▶ **Task details**
Please leave out pictures and print exactly the lines from the one that has "Valitse ryhmävalintaan tallennettavat" through the last line of the material below.

▶ **Data extract**
=== Begin Enclosure ===
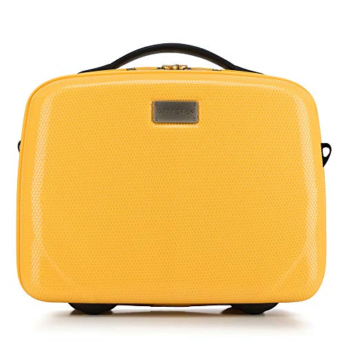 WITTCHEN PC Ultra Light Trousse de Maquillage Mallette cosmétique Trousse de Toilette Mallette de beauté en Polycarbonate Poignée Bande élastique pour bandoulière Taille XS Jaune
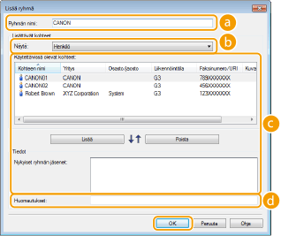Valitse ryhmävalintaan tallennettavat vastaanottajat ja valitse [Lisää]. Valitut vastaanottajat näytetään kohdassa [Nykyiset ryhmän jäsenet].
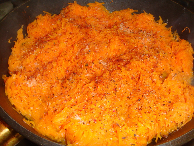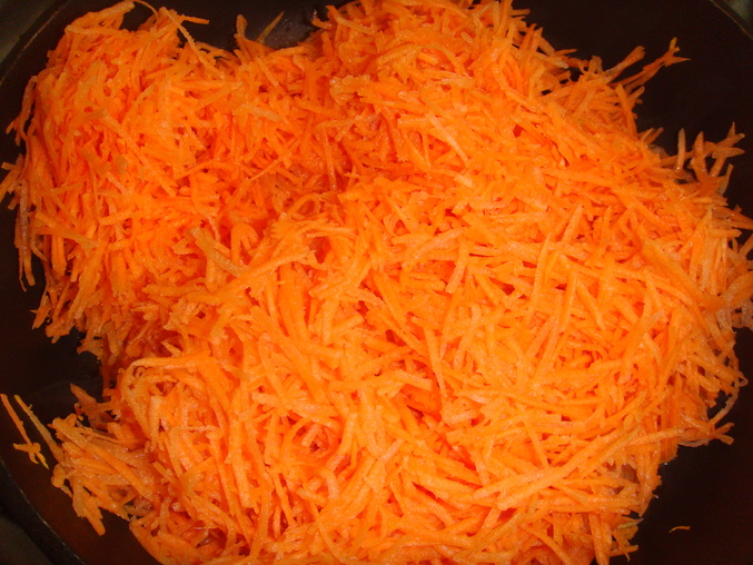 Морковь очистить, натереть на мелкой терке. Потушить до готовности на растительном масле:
=== End Enclosure ===
▶ **Answer to the exercise**
Valitse ryhmävalintaan tallennettavat vastaanottajat ja valitse [Lisää]. Valitut vastaanottajat näytetään kohdassa [Nykyiset ryhmän jäsenet].
 Морковь очистить, натереть на мелкой терке. Потушить до готовности на растительном масле:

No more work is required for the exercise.